Re: [MAINTAINERS SUMMIT] The role of AI and LLMs in the kernel process

ksummit.lists.linux.dev archive mirror
 help / color / mirror / Atom feed

From: James Bottomley <James.Bottomley@HansenPartnership.com>
To: Mauro Carvalho Chehab <mchehab+huawei@kernel.org>
Cc: Steven Rostedt <rostedt@goodmis.org>,
	Jonathan Corbet <corbet@lwn.net>,
	 "H. Peter Anvin" <hpa@zytor.com>,
	Sasha Levin <sashal@kernel.org>,
	ksummit@lists.linux.dev
Subject: Re: [MAINTAINERS SUMMIT] The role of AI and LLMs in the kernel process
Date: Mon, 08 Dec 2025 18:16:52 +0900	[thread overview]
Message-ID: <4597dfe45c9ff2991ed5221c618602ea42993940.camel@HansenPartnership.com> (raw)
In-Reply-To: <20251208094116.6757ddeb@foz.lan>

On Mon, 2025-12-08 at 09:41 +0100, Mauro Carvalho Chehab wrote:
> Em Mon, 08 Dec 2025 12:42:32 +0900
> James Bottomley <James.Bottomley@HansenPartnership.com> escreveu:
> 
> > On Sun, 2025-12-07 at 22:15 -0500, Steven Rostedt wrote:
> > > On Sun, 07 Dec 2025 18:59:19 -0700
> > > Jonathan Corbet <corbet@lwn.net> wrote:
> > >   
> > > > > I contend there is a huge difference between *code* and
> > > > > descriptions/documentation/...  
> > >   
> > > > 
> > > > As you might imagine, I'm not fully on board with that.  Code
> > > > is assumed plagiarized, but text is not?  Subtly wrong
> > > > documentation is OK?
> > > > 
> > > > I think our documentation requires just as much care as our
> > > > code does.  
> > > 
> > > I assumed what hpa was mentioning about documentation, may be
> > > either translation of original text of the submitter, or AI
> > > looking at the code that was created and created a change log. In
> > > either case, the text was generated from the input of the author 
> > 
> > I think this is precisely the problem Jon was referring to: you're
> > saying that if AI generates *text* based on input prompts it's not
> > a copyright problem, but if AI generates *code* based on input
> > prompts, it is.  As simply a neural net operational issue *both*
> > input to output sets are generated in the same way by the AI
> > process and would have the same legal probability of being
> > copyright problems.  i.e. if the first likely isn't a copyright
> > problem, the second likely isn't as well (and vice versa).
> 
> I'd say that there are different things placed in the same box. Those
> two, for example sound OK on my eyes:
> 
> - translations - either for documentation of for the code.
>   The original copyrights maintain on any translations. This is
> already
>   proofed in courts: if one translates Isaac Asimov's "Foundation" to
>   Greek, his copyright remains at the translation. Ok, if the
> translation
>   is done by a human, he can claim additional copyrights for the
>   translation, but a machine doesn't have legal rights to claim for
>   copyrights. Plus, the translation is a derivative work of the
> original
>   text, so, I can't see how this could ever be a problem, if the
>   copyrights of the original author is placed at the translation;

I can explain simply how I as a translator could cause a copyright
problem with no AI involvement: let's say I translate Foundation from
English to French but while doing so I embed a load of quotes from the
novels of Annie Ernaux but in a way that it nicely matches the Azimov
original.  Now I've created a work which may be derivative of
Foundation and partly owned by me but which also has claims of
copyright abuse from Annie Ernaux.

The above is directly analogous to what would happen if the AI output
were decided to be a derivative of its training for an AI translator.

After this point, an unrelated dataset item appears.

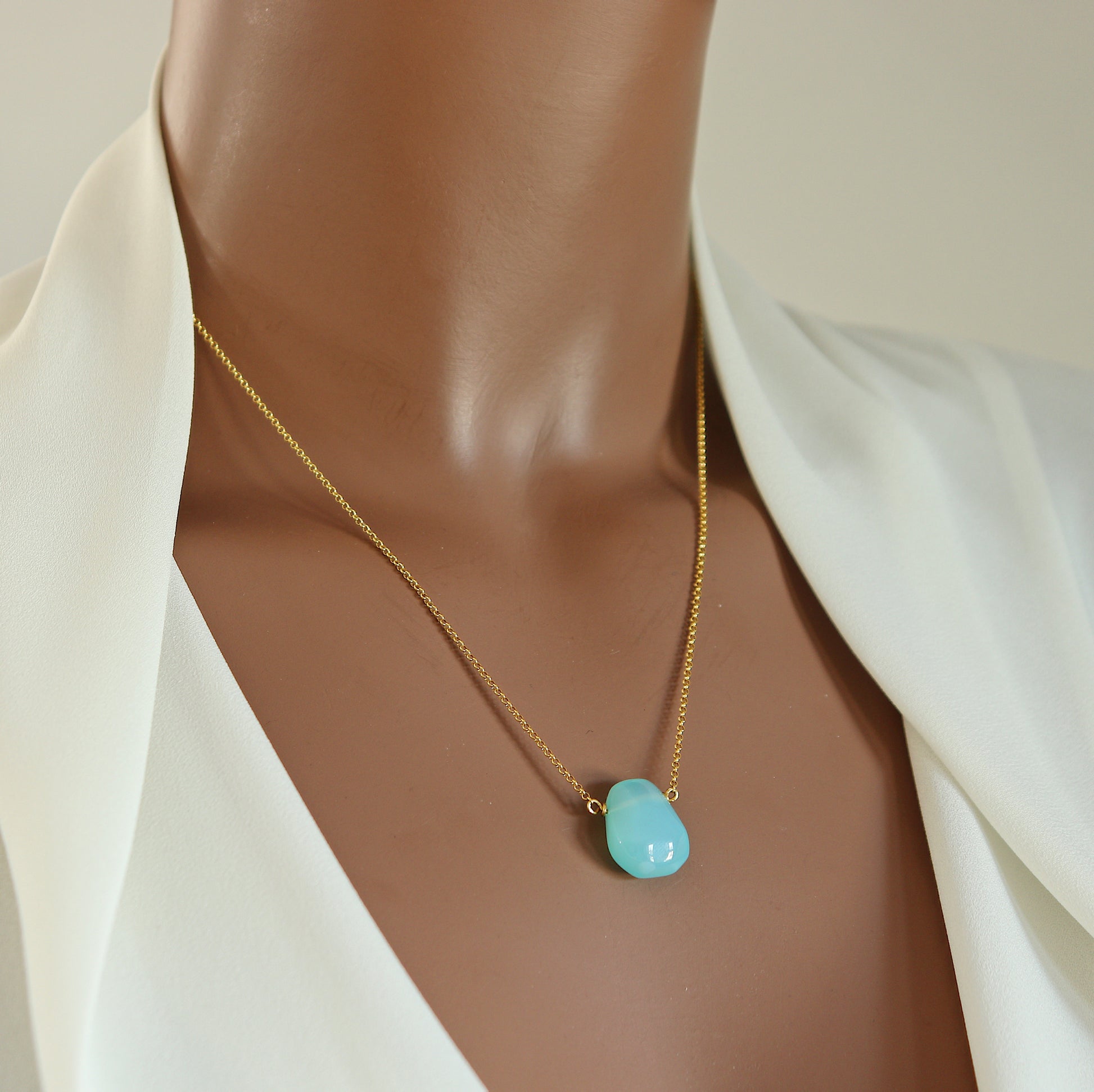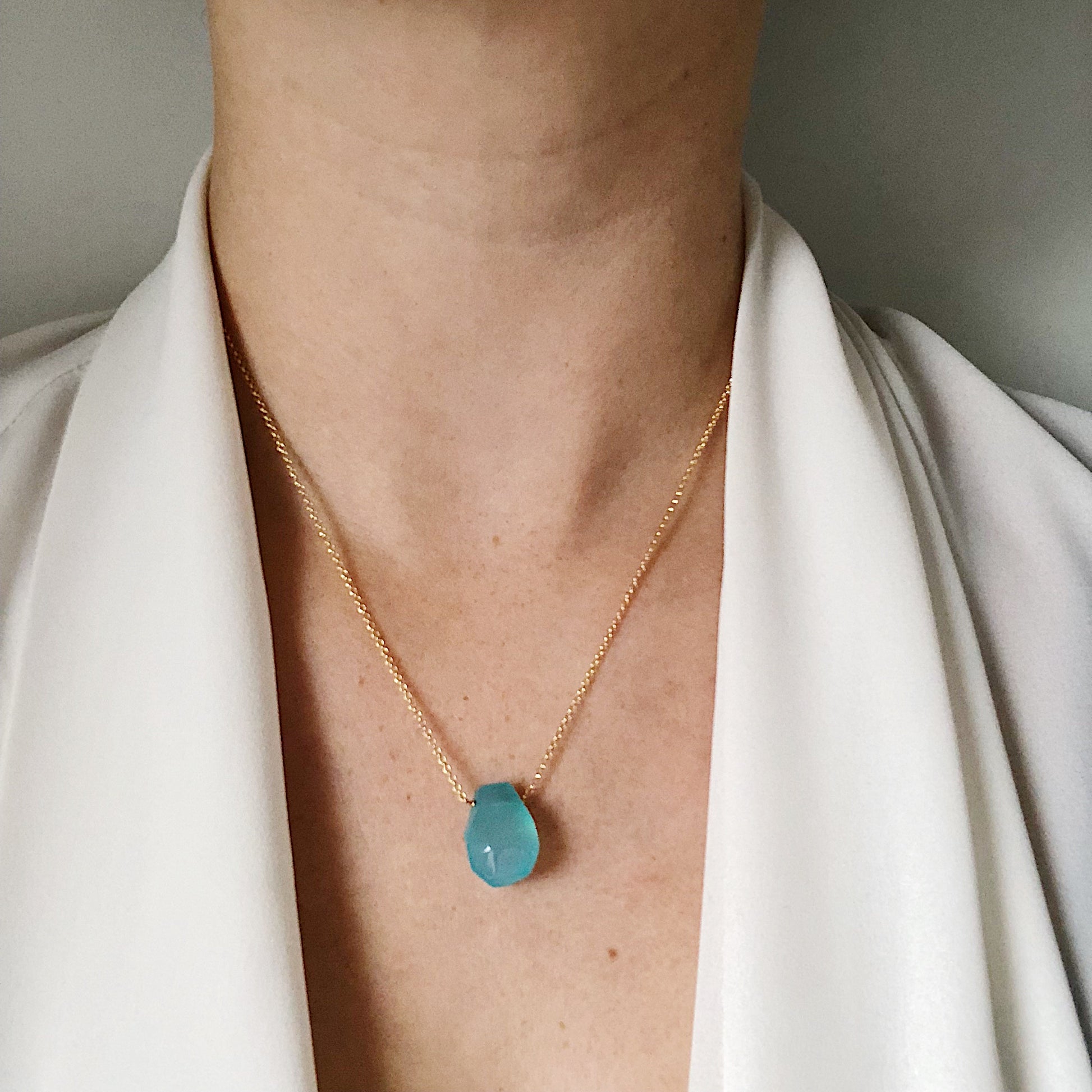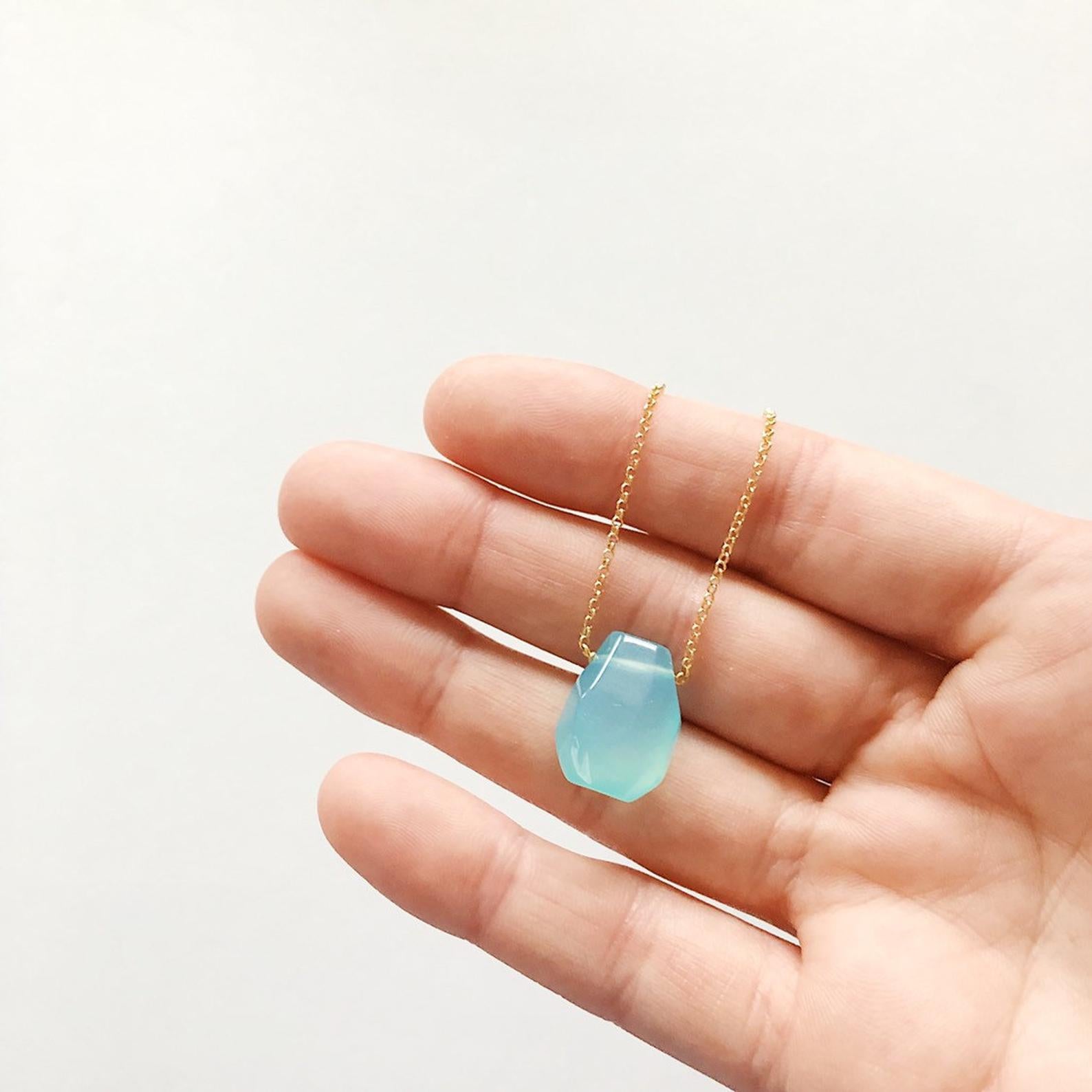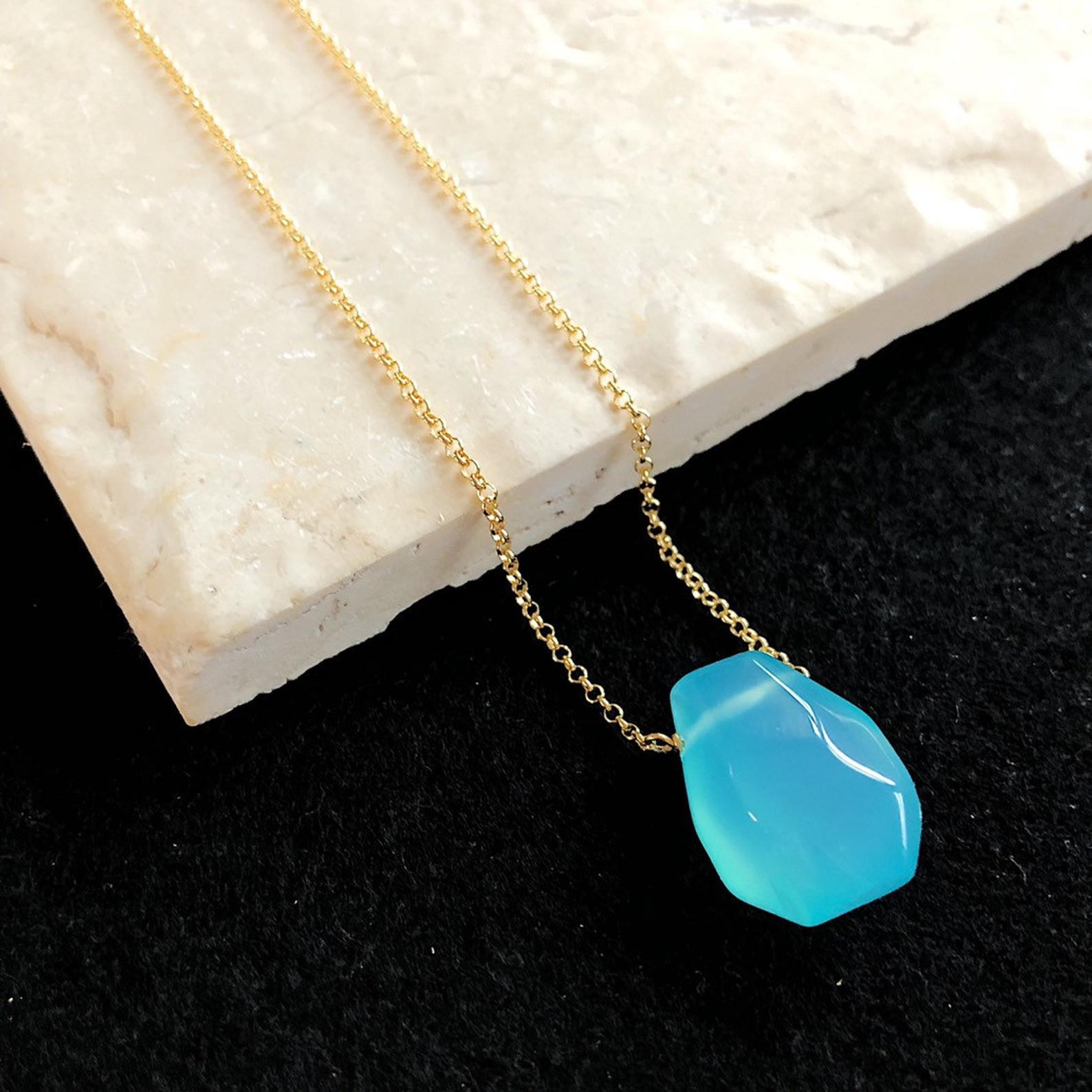 This simple irregular-shaped teardrop Necklace with bright blue Chalcedony teardrop is easy to throw on and go! Its minimalist style will have you reaching for it again and again.

> - code filling - if a prompt requests to automate a repetitive task,
>   like creating a skeleton code, adding includes, review coding style
>   and other brute force "brainless" activities, the generated code
> won't
>   be different than what other similar tools of what the developer
> would
>   do - AI is simply a tool to speedup it, just like any other similar
>   tools. No copyright issues.
> 
> Things could be in gray area if one uses AI to write a patch from the
> scratch. Still, if the training data is big enough, the weights at
> the neuron network will be calibrated to repeat the most common
> patterns, so the code would probably be similar to what most
> developers would do.
>
> 
> On some experiments I did myself, that's what it happened: the
> generated code wasn't much different than what a junior student with
> C knowledge would write, with about the same mistakes. The only thing
> is that, instead of taking weeks, the code materialized in seconds.
> To be something that a maintainer would pick, a senior developer
> would be required to cleanup the mess.

How good (or not) AI is at coding is different from the question of
whether the output has its copyright contaminated by the training data.
> 
> > > . Where as AI generated code likely comes from somebody else's
> > > code. Perhaps AI was trained on somebody else's text, but the
> > > output will likely not be a derivative of it as the input is
> > > still original. 
> > 
> > That's an incorrect statement: if the output is a derivative of the
> > training (which is a big if given the current state of the legal
> > landscape) and the training set was copyrighted, then even a
> > translated text using that training data will pick up the copyright
> > violation regardless of input prompting.
> 
> If one trains it only with internal code from an specific original 
> product that won't have any common patterns which anyone else would
> do, then this could be the case.
> 
> However, this is usually not the case: models are trained with big
> data from lots of different developers and projects. As Neural
> networks training is based on settings up weights based on
> inputs/outputs, if the training data is big enough, such weights will
> tend to follow the most repetitive patterns from similar code/text. 
> 
> On other words, AI training will generate a model that tends to
> repeat sequences with the most common patterns from its training
> data. This is not different than what a programming student would do
> without using AI when facing a programming issue: he would likely
> search for it on a browser. The search engine algorithms from search
> providers are already showing results with the more likely answers
> for such question on the top.

Patterns are not expression in the copyright sense.  Indeed, code tends
to be much more amenable to the independent invention defence than
literature: If I give the same programming task to a set of engineers
with the same CS training, most of them would come up with pretty
identical programs even if they don't collaborate.  However, as long as
they didn't copy from each other the programs they come up with are
separate works even if they're very similar in expression.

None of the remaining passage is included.